EXERCISE GOAL ->
Output, exactly and in full, only the lines from the one containing "Tiếp đến là" to the last line of the data. Pictures should not appear.

TASK INPUT ->
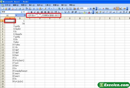 2、比如我们选中A1单元格,我们在该单元格输入函数式为:“=IF(B1=””,””,COUNTA($B$1:B1)) ”(引号中黑体的部分),然后向下拖拽,填充A列,这样我们只要在B列单元格输入内容,A列就会自动输入序号了。
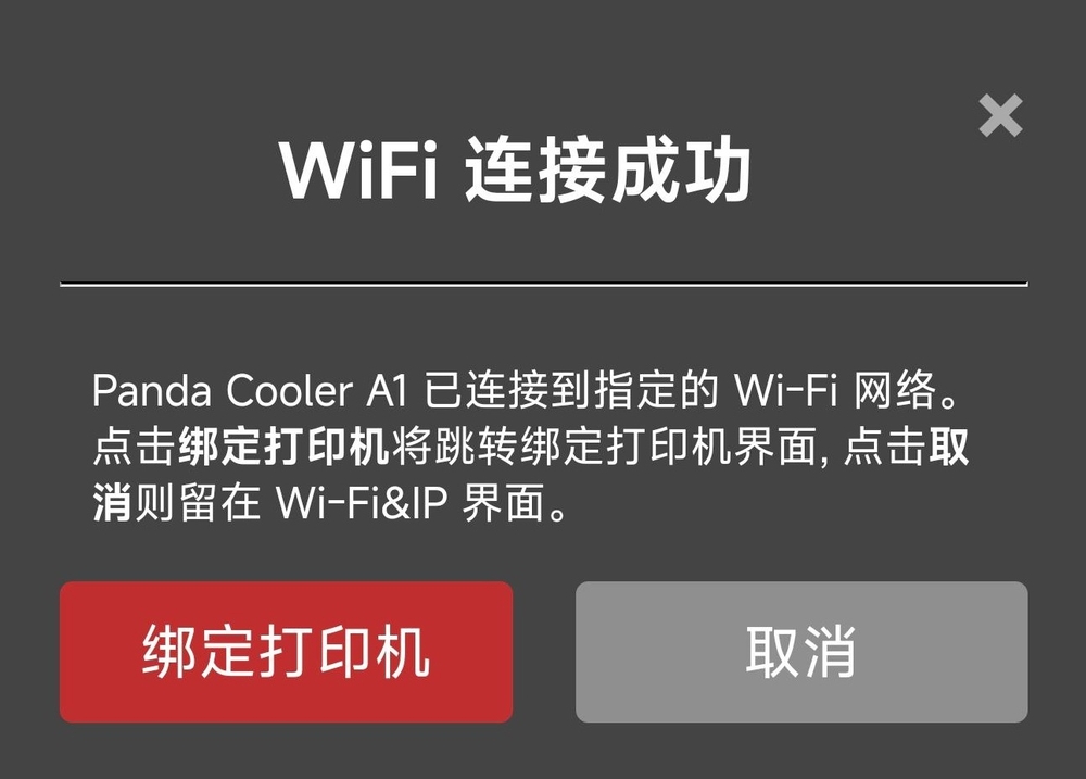 绑定打印机跳转到打印机界面,也可点击取消,继续待在WiFi界面
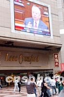 圖:香港時(shí)代廣場播發(fā)高官問責(zé)制情況 2002年04月18日 19:31 ![]() 香港特區(qū)行政長官董建華四月十七日下午在立法會解釋有關(guān)高官問責(zé)制的情況。圖為大屏幕播出的有關(guān)新聞吸引了市民。中新社記者 任海霞 攝
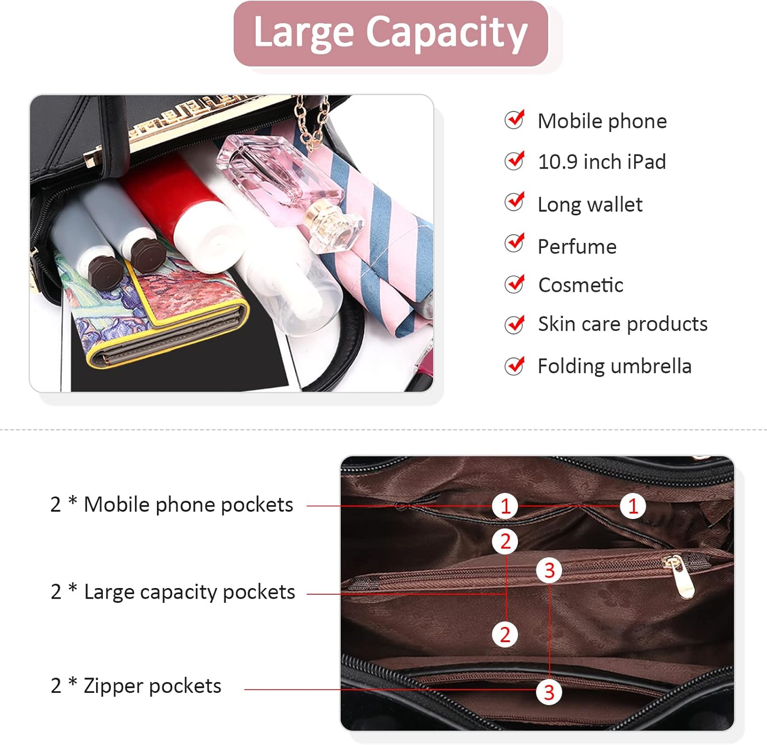 • Anwendbare Kapazität: 30 x 14 x 22 cm. Gewicht: 0.86 kg. Länge des langen Schultergurts: 120 cm. Diese Handtasche: 2 Haupttaschen, 1 seitliche Reissverschlusstasche, 1 kleine Reissverschlusstasche, 2 Seitentaschen, 1 hintere Reissverschlusstasche. Es
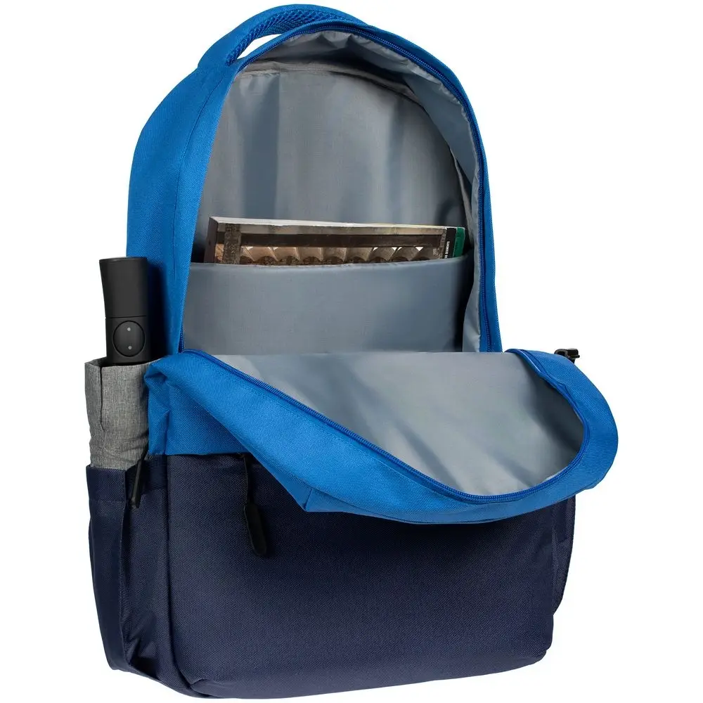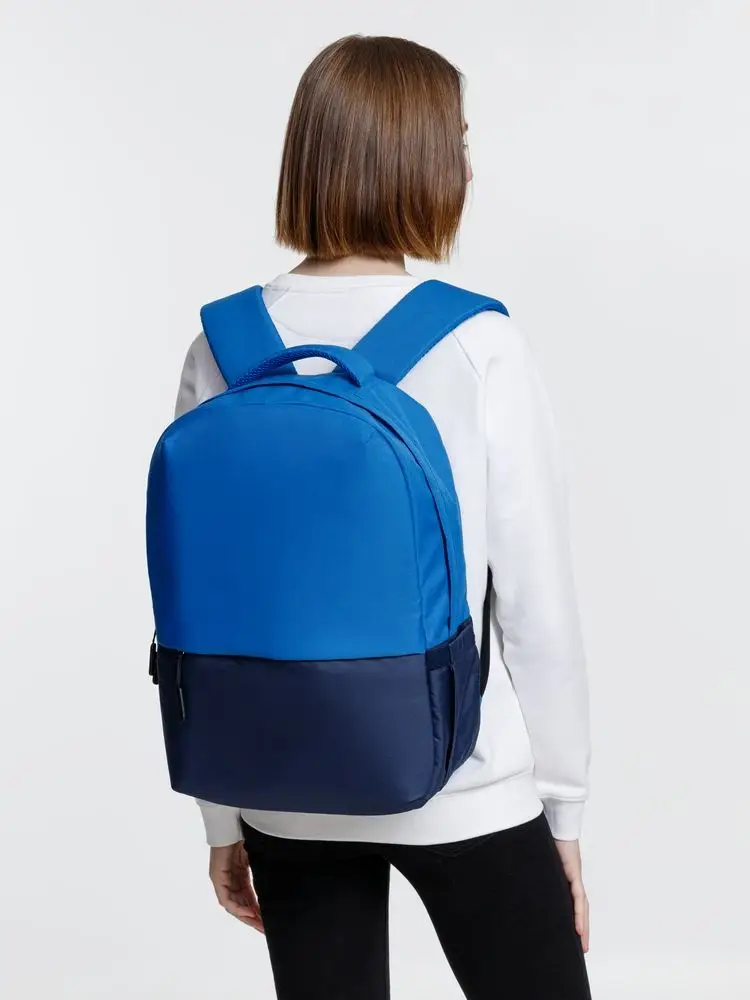 Двухцветное исполнение с темным низом и более светлым верхом, с одной стороны, помогает рюкзаку дольше сохранять опрятный внешний вид, а с другой — позволяет активнее и контрастнее выделить логотип компании.
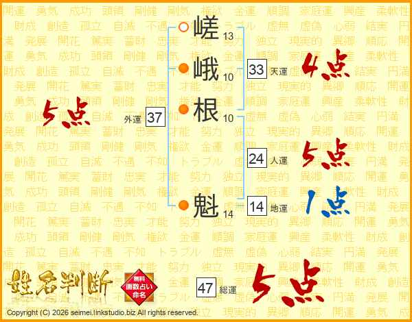 嵯峨根魁さんの総運は47画の5点!
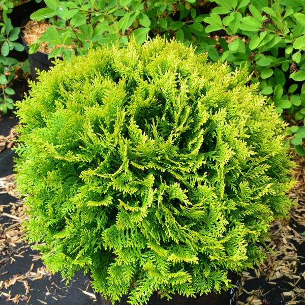 Туя западная Мириам - шаровидная туя желто-зелёного цвета, с вертикально расположенной хвоей, которая меняет окраску на бронзовый зимой, а весной снова становится сочно-зелёной с желтыми оттенками. Сорт выведен из Thuja occidentalis Danica, переняв от неё лучшие декоративные свойства. Хорошо растёт в черте города, подходит для выращивания на всей территории Украины.
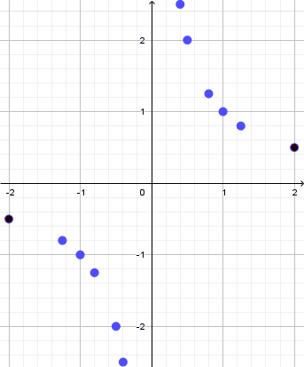 | \(\displaystyle \small y=\frac{1}{x}\) | \(\displaystyle \small -0{,}5\) | \(\displaystyle \small -0{,}8\) | \(\displaystyle \small -1\) | \(\displaystyle \small -1{,}25\) | \(\displaystyle \small -2\) | \(\displaystyle \small -2{,}5\) |
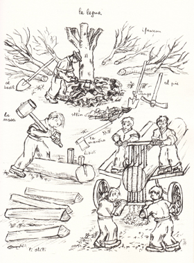 Si faceva una cernita dei tronchi abbattuti: quelli sani e lunghi si mettevano da parte per farne assi, quelli mal formati o cavi venivano spaccati. Per spaccarli si adoperavano i cùnei, li biéti e con la masa ad legn,a sach piciava in testa: pian piano i cunei penetravano nel tronco che crepava in profondità per poi aprirsi su tutta la lunghezza in due parti: si ricavavano li stèli. Queste venivano messe sulla cavaléta per essere tagliate a giusta misura per essere bruciate nella stufa.
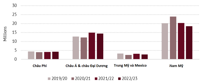 Tiếp đến là khu vực châu Á và châu Đại Dương, xuất khẩu cà phê của khu vực này đã giảm 17,2% so với cùng kỳ năm ngoái xuống 3,4 triệu bao trong tháng 1 và giảm 3,3% xuống 14,4 triệu bao trong 4 tháng đầu niên vụ 2022-2023.
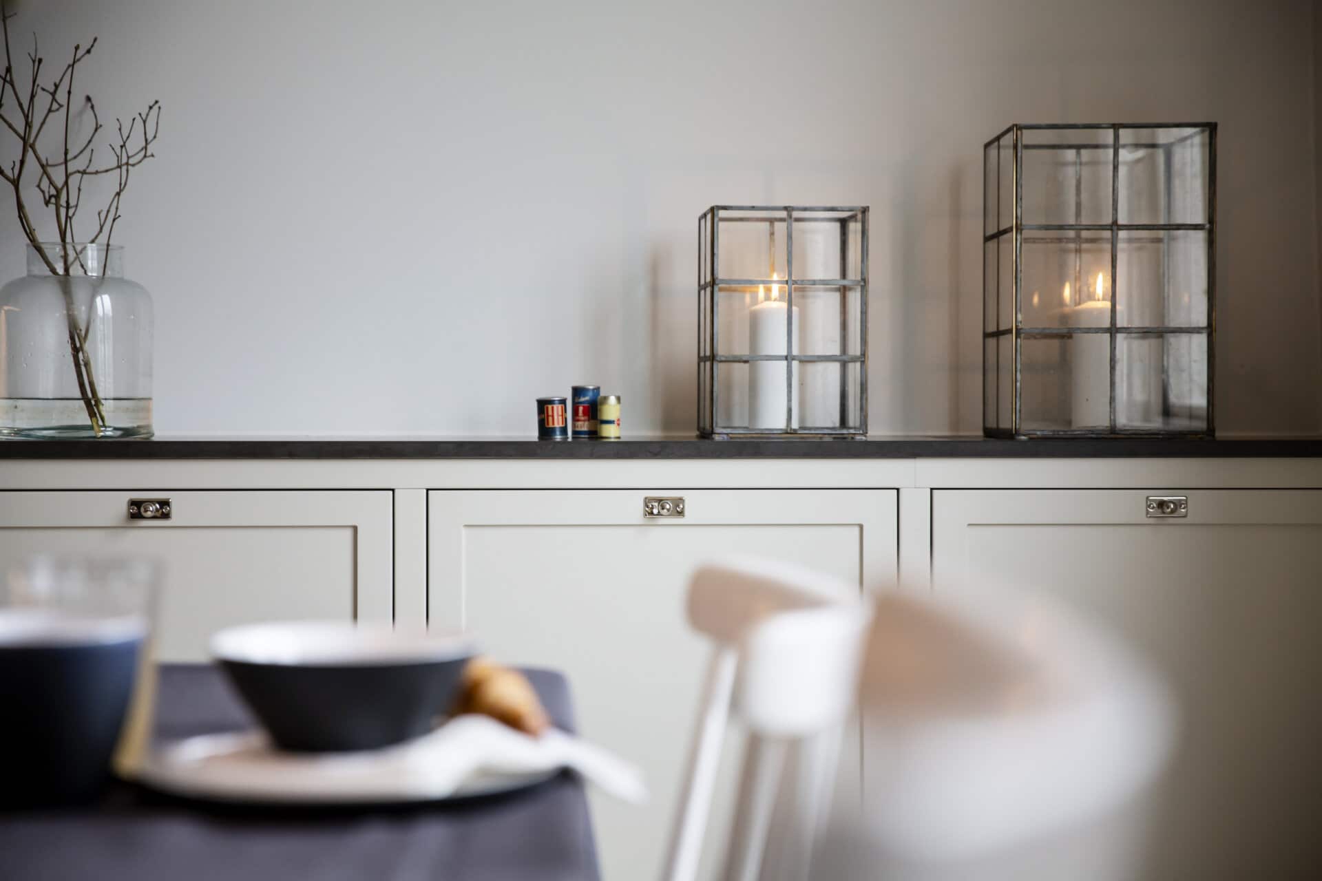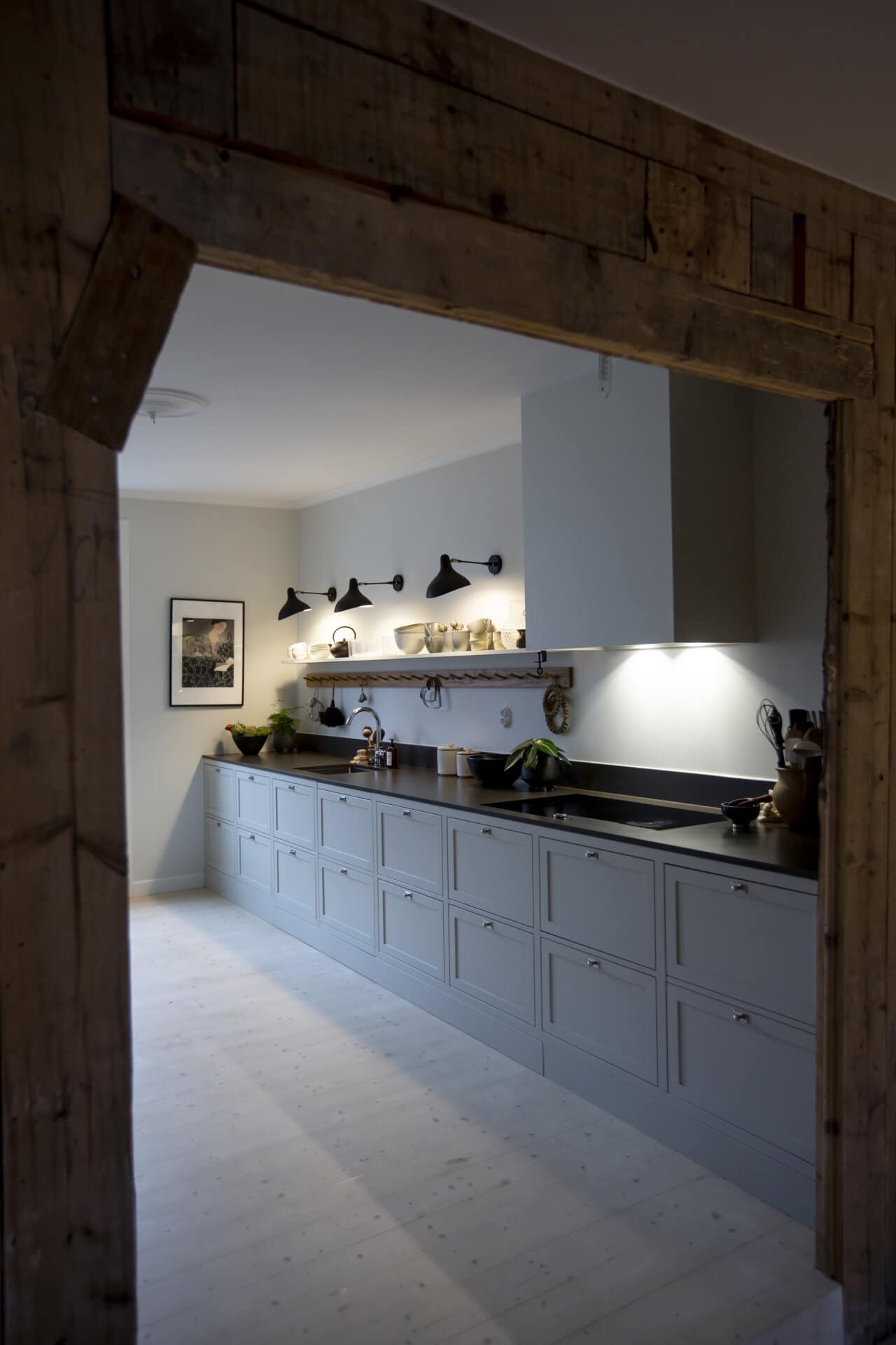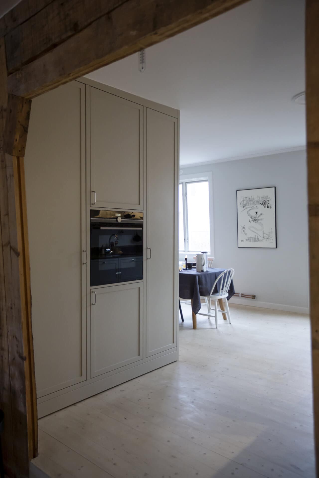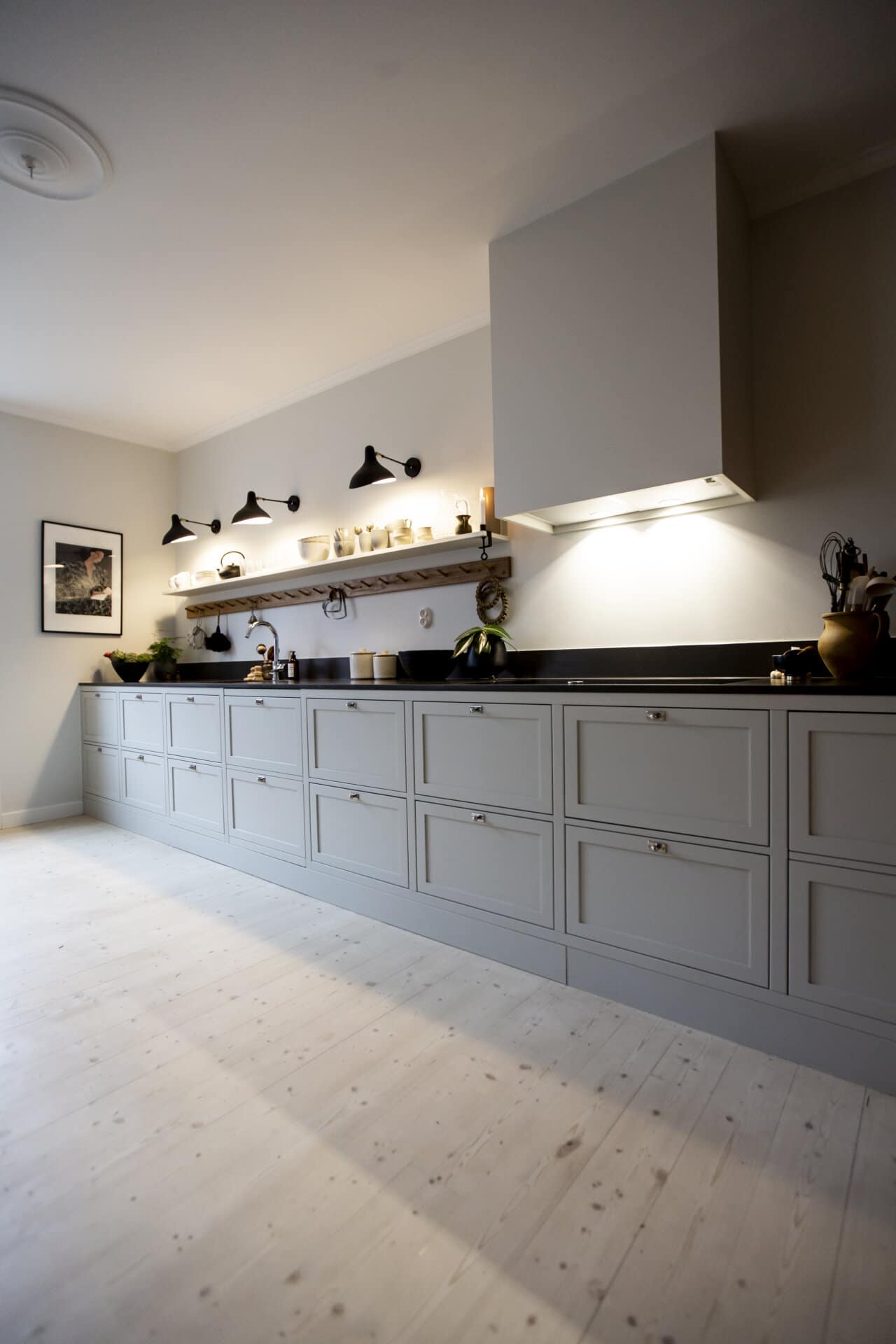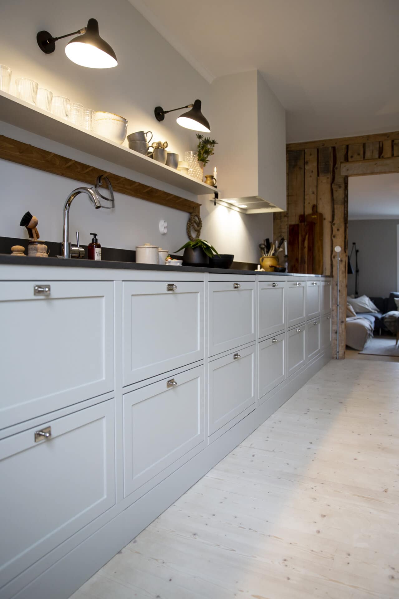 The interior frame doors are reminiscent of how kitchens were built around the turn of the century. The frame doors have a narrower frame width (42mm) which together with the framework around the doors (38mm) creates a nice symmetry. Since everything is built from scratch, we have been able to give all doors and drawers in the cabinets the same width, which adds to the symmetry of the kitchen. The doors are painted in the color NCS 3005-Y20R.

EXPECTED ANSWER ->
 Tiếp đến là khu vực châu Á và châu Đại Dương, xuất khẩu cà phê của khu vực này đã giảm 17,2% so với cùng kỳ năm ngoái xuống 3,4 triệu bao trong tháng 1 và giảm 3,3% xuống 14,4 triệu bao trong 4 tháng đầu niên vụ 2022-2023.
 The interior frame doors are reminiscent of how kitchens were built around the turn of the century. The frame doors have a narrower frame width (42mm) which together with the framework around the doors (38mm) creates a nice symmetry. Since everything is built from scratch, we have been able to give all doors and drawers in the cabinets the same width, which adds to the symmetry of the kitchen. The doors are painted in the color NCS 3005-Y20R.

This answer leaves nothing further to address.